I have learned a lot from this forum and think I am finally close to ready to buy my first note, but have some remaining concerns to address. Thanks for providing a great resource, hope you guys don't mind a few questions.
On FCI Exchange I've seen a number of notes that are very low %UPB, like 10% or 5% or sometimes even less.
Now %UPB doesn't matter that much, it's the difference between the cost of the note and the value of the underlying security that matters. But even with some of these, I'm seeing deals that almost seem too good to be true. For example, a 1st on a $40k property selling for $5k.
What's happening here? I can think of these reasons, are there any more I should watch out for?
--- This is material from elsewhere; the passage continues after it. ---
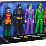 Figurice višine pribl. 28 cm so zasnovane tako, da zdržijo vsakodnevno igro, hkrati pa odlično izgledajo na polici. Komplet vključuje: Batmana v črno-rumeni opravi s plaščem, Robina z masko, Nightwinga v črni z modrimi poudarki, Jokerja v ikonični vijolični opravi, Ugankarja v zeleni obleki z »?« in Copperheada z repom.

The borrower has filed for BK
My estimate of the property value is inaccurate, a proper BPO or appraisal would value the property far less
Unpaid property taxes/HOA fees
Borrower is very difficult to work with
Property located in state with very lender-unfriendly foreclosure laws
Potential enforceability issues with the note
Defective assignments
Documents lack required formalities like signatures of all borrowers; notarization
Terms that constitute predatory lending? (not sure how much this matters)
The note is in 2nd position and would be wiped out by the 1st at auction. Can't count on auction proceeds as an exit option for these.
Exit costs are too high
Cost to hire an attorney or trustee to foreclose
Costs to hire an attorney to draft a loan mod agreement, satisfaction of mortgage, etc.
I'm also hoping you guys could provide some insight on the seller's motivation.
Why would somebody choose to sell a note on FCI? I can understand why banks want to sell notes. I'm not at the level where I can buy direct from the bank; I have to go to brokers, hedge funds, people on FCI. But why would the middleman willingly leave money on the table by selling a profitable NPN?
I assume they keep the best ones for themselves, but just because they're selling the note doesn't mean it's not profitable at their asking price. They understand that a smart buyer will do their best not to overpay and will be looking at the same factors to put a price on the note. In other words, unless they're hoping to sell to an unsophisticated buyer (possible), the seller has no choice but to leave some money on the table. Does it mostly come down to the fact that the rate of return over time that they'd get from working the note is lower than the return they would get by putting that money into buying another big pool?
Also, is it reasonable to assume that notes on FCI will have been "worked" to some degree, and that exiting through the borrower is less likely? I assume that if the note is selling for $5k, then that means the borrower can't or isn't willing to hand the seller $6k to satisfy the note?
Thanks for any insight you guys can provide.